Healthcare is not a simple, standardised service - many people have complex care needs and all too often, patients and service users experience health and social care services that are fragmented, difficult to access and not based around their and their carers' needs.
Services are often provided by several different health and social care professionals, in a number of settings across different providers, without appropriate coordination or a holistic perspective. For example, cancer patients may need to access specialist care centres far from home, but receive follow-up care at their local hospital. Those who suffer from multiple long-term conditions, including older people, could find themselves simultaneously under the care of a hospital consultant, a community nurse and a local dementia liaison service.
The impact of fragmentation is that quality of care for patients and service users does not reach its potential and that possible efficiencies are not made. Individuals can get lost in the system, access to services can be blocked or get delayed or duplicated, and the quality of care can decline. This is just as much of a problem between different NHS services as it is between NHS and social care services. Therefore, there are significant opportunities to promote the interests of patients and service users through ensuring that health and care services are co-ordinated and meet their needs: more integrated, better co-ordinated care is a means of improving service user, carer and family outcomes.
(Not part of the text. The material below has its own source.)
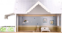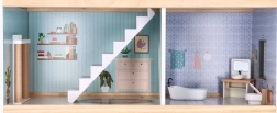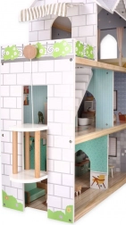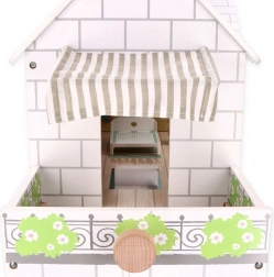 Această căsuță stilată pentru păpuși, realizată din lemn de calitate, oferă copiilor un decor realist cu living, bucătărie, dormitoare și balcon. Datorită structurii pe mai multe etaje și detaliilor bogate, susține imaginația, motricitatea fină și abilitățile sociale în jocul de grup.

The Health and Social Care Act (2012) sets out an explicit focus on the importance of integrated care. Monitor has a duty to consider how it can enable integrated care where this improves the quality (outcomes or efficiency) of services or reduces inequalities of access or outcomes.
While it will be for commissioners, working with local providers, to develop and fund better and more integrated patterns of care, Monitor's role as the sector regulator will be to work with others, particularly commissioners, to remove any barriers and consider how to enable integrated care provision where this is in the interests of patients.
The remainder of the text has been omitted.